Less than four in 10 (36 per cent) households are on track for a moderate retirement income, with self-employed, single parents, and renters the furthest off track, according to Hargreaves Lansdown's Savings and Resilience Barometer.
The barometer revealed that 21 per cent of self-employed, 18 per cent of single parents, and 15.5 per cent of renters are all “way behind” in terms of saving for retirement.
Meanwhile, 68 per cent of high earners, 52 per cent of homeowners, and 44 per cent of married couples without children are doing better than average with saving for retirement.
Hargreaves Lansdown head of retirement analysis, Helen Morrissey, said that saving for retirement is a “long-term game” but some groups are facing more challenges than others.
In particular, she pointed out that the data showed the self-employed, renters, and single parents are at risk as they battle higher costs, volatile working conditions, and housing expenses.
“Renters struggle because they are paying higher rent which leaves them with less money left over at the end of the month to get onto the housing ladder,” Morrisey explained.

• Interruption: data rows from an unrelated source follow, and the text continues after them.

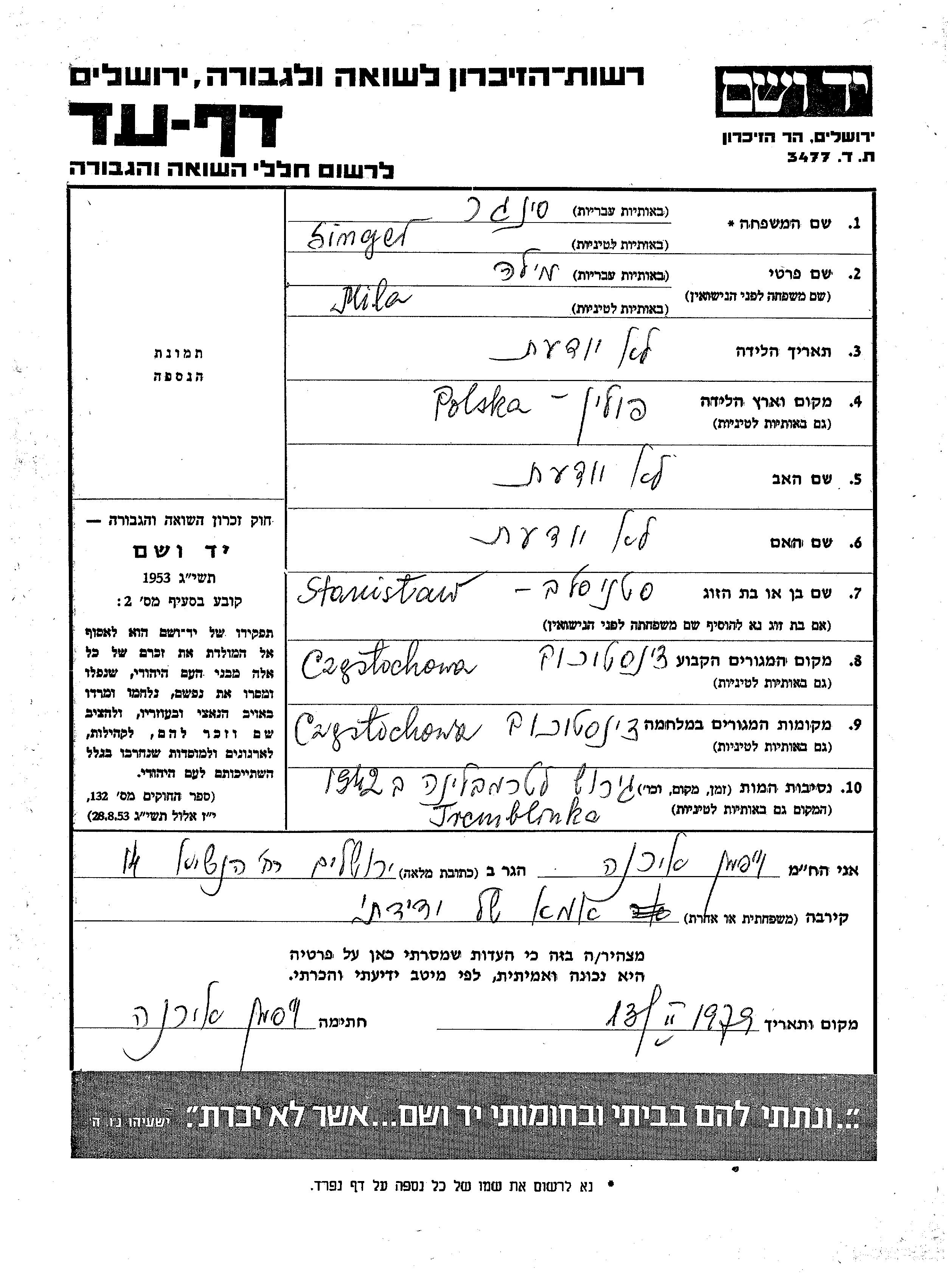 Зингер Мила Ченстохова, Польша Лист свидетельских показаний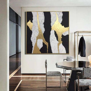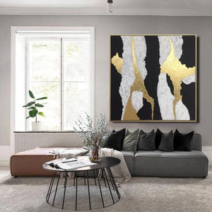 Like two exquisite caresses of paint stroked across the canvas, this stunning art piece captures anyone in an instant! Being composed with contrasting black & white and a lush golden touch make this art piece suited for any type of frame or interior!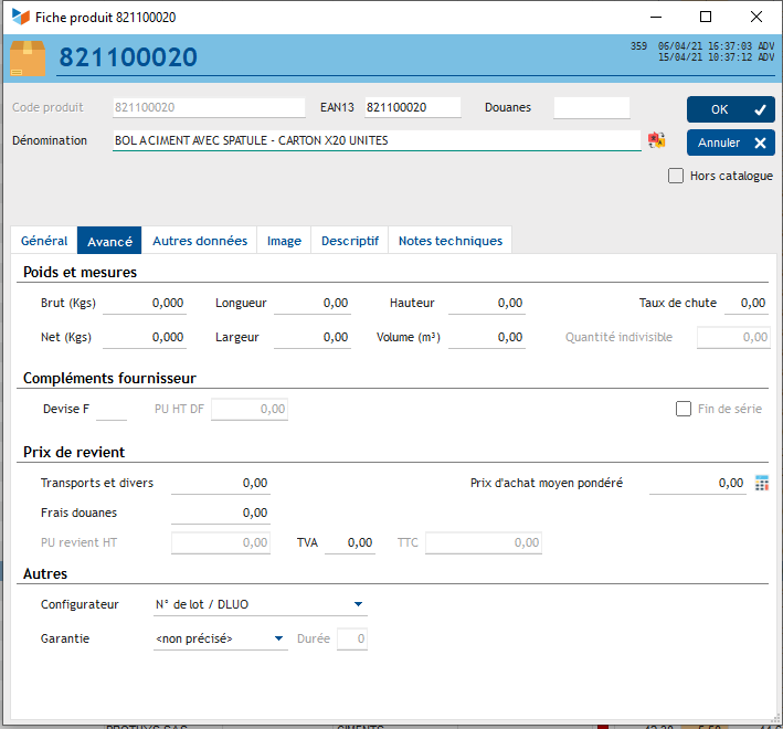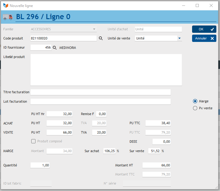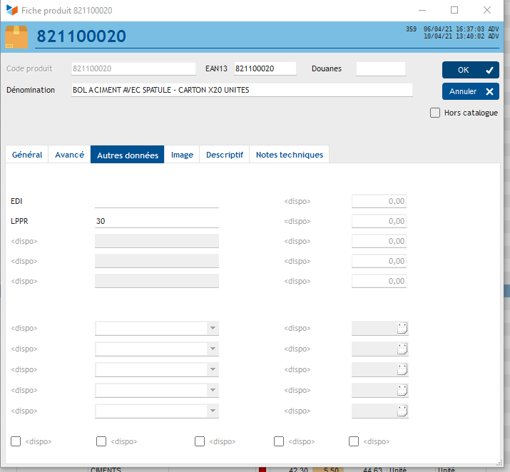 si je double clique sur mon code produit, s'ouvre la fenêtre suivante (notez le numéro de ligne, qui m'étonne, car il y a d'autres lignes dans ce devis).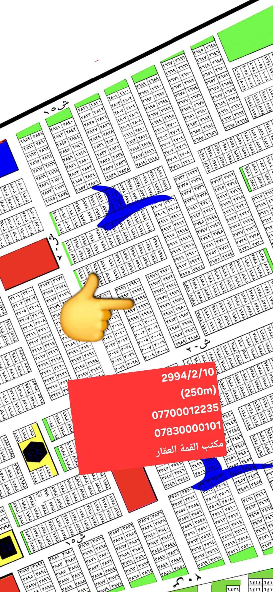 (مكتب القمةالعقار)#تابعني يوصلك كلشي جديد يوجد قطعة أرض طابو ملك صرف للبيع موقع مميز وقريب مفروزه وجاهزة وسعر مناسب في مربع ال (2000) (دخول مباشر من شارع 40 ) بيه بناء منطقة حلوه (الواجهة 12.5// النزال 20) 🔴🔴🔴🔴🔴🔴 رقم العقار (2994) مقاطعة (2/10) المساحة (250m)تريد نص هم ترهم السعر (170) مع مجال 🔴🔴🔴🔴🔴🔴 للأستفسار تفضل خاص او اتصل *********** *********** علاء الفهداوي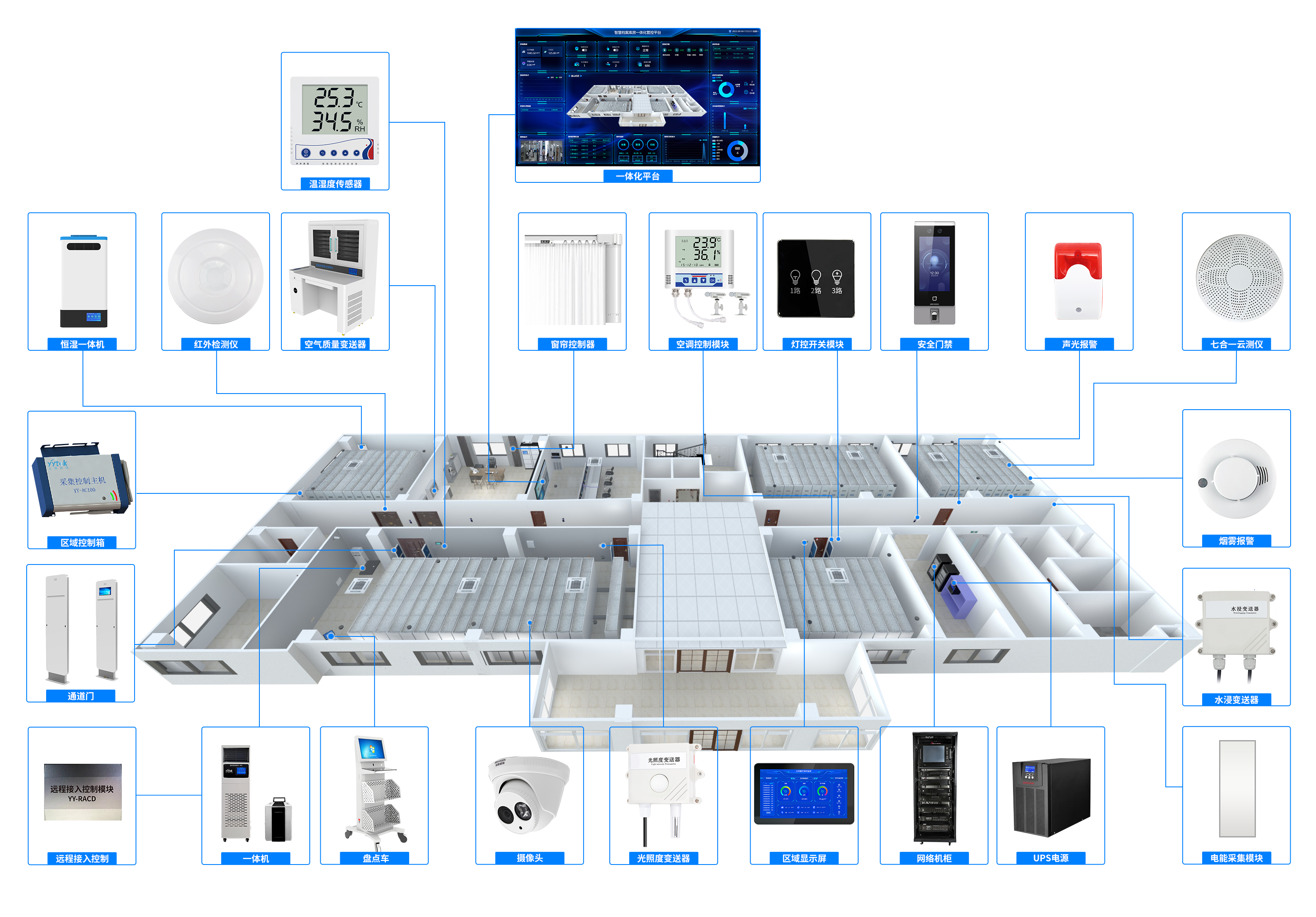 采集所有檔案室內的溫度、濕度、漏水、煙霧、空氣質量、人員侵入等數據,并能夠通過控制空調、凈化一體機等設備,達到自動調節溫濕度及空氣凈化的目的。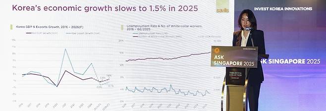 27일 싱가포르 파크로열컬렉션 호텔에서 열린 'ASK 싱가포르 2025'에서 이수정 세빌스코리아 대표는 "금리 인하 기조로 시장의 유동성은 개선되고 있지만 오피스 공급은 여전히 제한적"이라며 이 같이 말했다.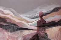 Moment van Bezinning toont een verstild samenspel van mens en landschap, waarin een silhouet van achteren opgaat in de gelaagde vormen van heuvels en dalen. De figuur staat niet los van haar omgeving; ze lijkt één te worden met het land dat haar omringt. Haar aanwezigheid is stil, bijna transparant, alsof zij is gevormd door dezelfde…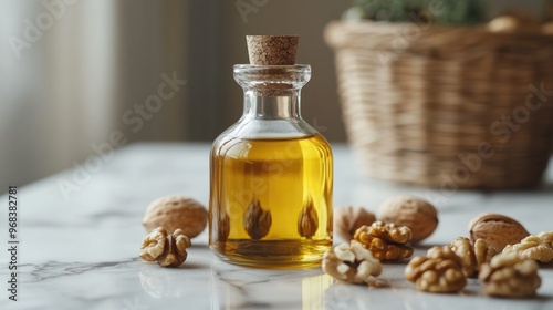 Walnut Oil in a Glass Bottle on a Marble Surface with Walnuts Surrounding It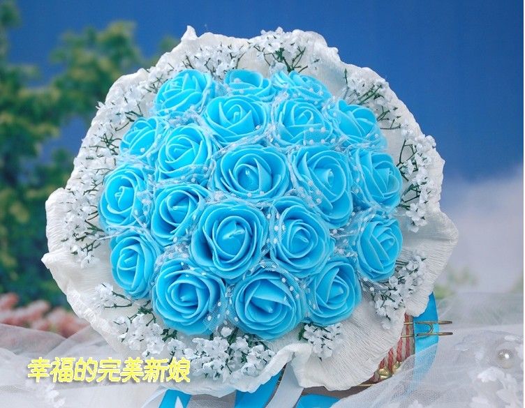 Beautiful Blue Wedding Bouquet Artificial 20 Rose Flowers Bridal

“On average, they end the month with just £62. Trying to battle paying rent with saving into a pension can be a challenge too far for many renters.”
Morrissey also suggested that single parents face “real” challenges, due to having a single wage that must cover living costs and support children.
She emphasised that it was important for these savers “not to give up” and to look for solutions such as increasing contributions when they receive a pay rise.
Morrisey stated that the self-employed have a different set of challenges to deal with, as they are not covered by auto-enrolment and also do not receive employer contributions.
She also said that volatile earnings can mean that many savers are nervous about "tying up" their money into a pension, which they cannot access until at least 55.
“However, the lifetime individual savings account (LISA) can play a vital part in helping this group build retirement savings. It’s an attractive alternative to a pension for self-employed people paying basic rate tax,” she said.
She suggested widening the age at which people can open and pay into a LISA, as currently, people can only open a LISA between the ages of 18 and 39 could help with this.
“Allowing people to open and contribute to a LISA up until the age of 55 would enable more people to build up a decent retirement income - notably those who become self-employed later in life,” she continued.
“We estimate that these changes could be a huge help to the 1.2 million households that have a self-employed earner paying the basic rate of tax.”